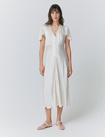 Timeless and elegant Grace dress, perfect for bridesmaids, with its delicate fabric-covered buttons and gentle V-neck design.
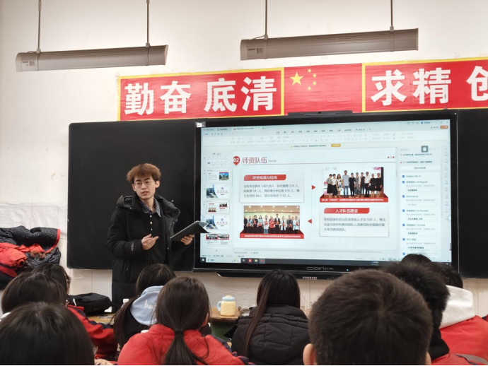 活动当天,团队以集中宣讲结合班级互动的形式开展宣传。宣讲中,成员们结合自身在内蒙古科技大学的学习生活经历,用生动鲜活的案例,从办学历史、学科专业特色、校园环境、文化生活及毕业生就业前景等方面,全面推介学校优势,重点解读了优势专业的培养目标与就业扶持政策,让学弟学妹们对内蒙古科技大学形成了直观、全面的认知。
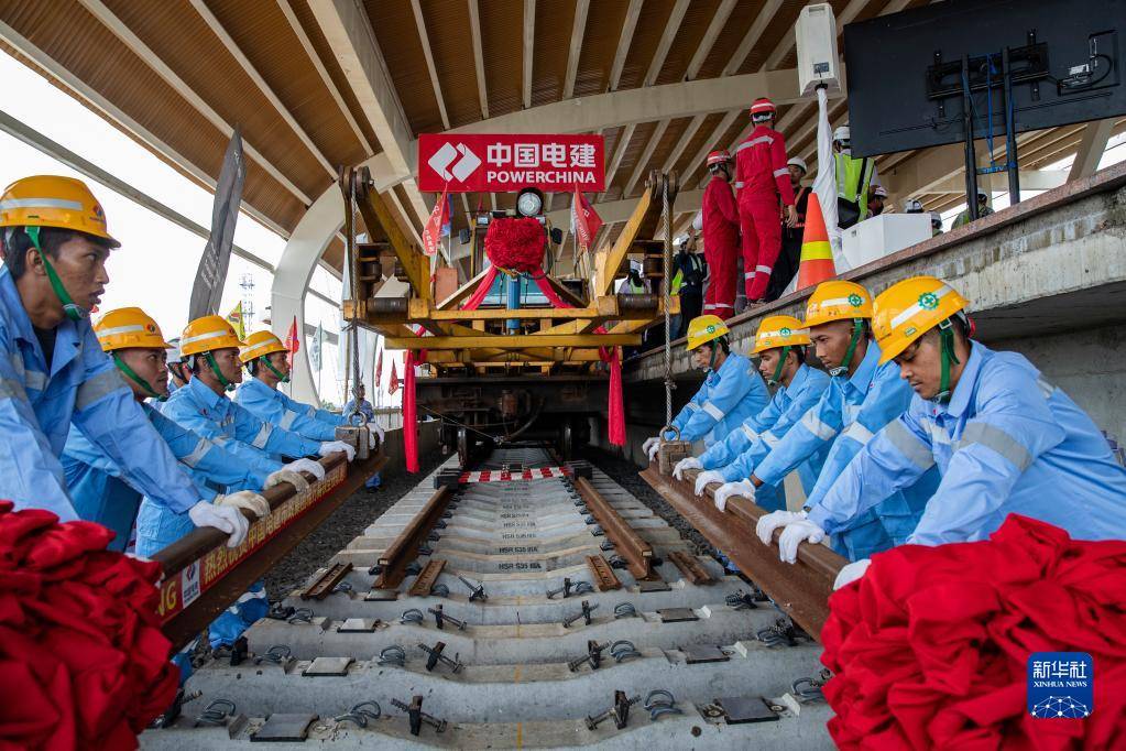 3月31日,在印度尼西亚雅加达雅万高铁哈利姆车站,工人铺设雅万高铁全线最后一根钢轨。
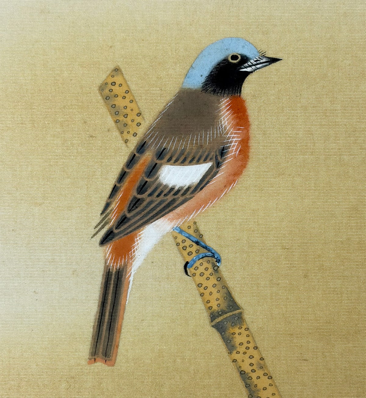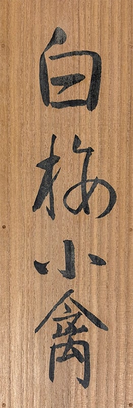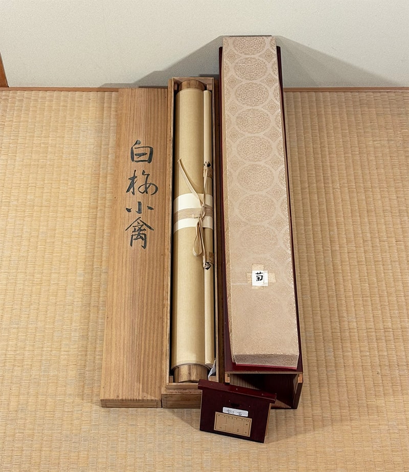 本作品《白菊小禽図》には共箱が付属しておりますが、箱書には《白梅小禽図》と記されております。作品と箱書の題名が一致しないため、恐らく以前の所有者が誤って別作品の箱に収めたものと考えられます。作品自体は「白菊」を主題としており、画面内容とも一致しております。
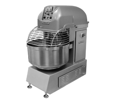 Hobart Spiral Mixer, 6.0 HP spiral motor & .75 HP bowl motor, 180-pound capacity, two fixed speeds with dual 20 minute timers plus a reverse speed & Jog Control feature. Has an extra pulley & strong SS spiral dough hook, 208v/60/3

- **Task prompt**: Copy every entry exactly, leaving out the pictures.

- **Your response**:
 Timeless and elegant Grace dress, perfect for bridesmaids, with its delicate fabric-covered buttons and gentle V-neck design.
 活动当天,团队以集中宣讲结合班级互动的形式开展宣传。宣讲中,成员们结合自身在内蒙古科技大学的学习生活经历,用生动鲜活的案例,从办学历史、学科专业特色、校园环境、文化生活及毕业生就业前景等方面,全面推介学校优势,重点解读了优势专业的培养目标与就业扶持政策,让学弟学妹们对内蒙古科技大学形成了直观、全面的认知。
 3月31日,在印度尼西亚雅加达雅万高铁哈利姆车站,工人铺设雅万高铁全线最后一根钢轨。
 本作品《白菊小禽図》には共箱が付属しておりますが、箱書には《白梅小禽図》と記されております。作品と箱書の題名が一致しないため、恐らく以前の所有者が誤って別作品の箱に収めたものと考えられます。作品自体は「白菊」を主題としており、画面内容とも一致しております。
 Hobart Spiral Mixer, 6.0 HP spiral motor & .75 HP bowl motor, 180-pound capacity, two fixed speeds with dual 20 minute timers plus a reverse speed & Jog Control feature. Has an extra pulley & strong SS spiral dough hook, 208v/60/3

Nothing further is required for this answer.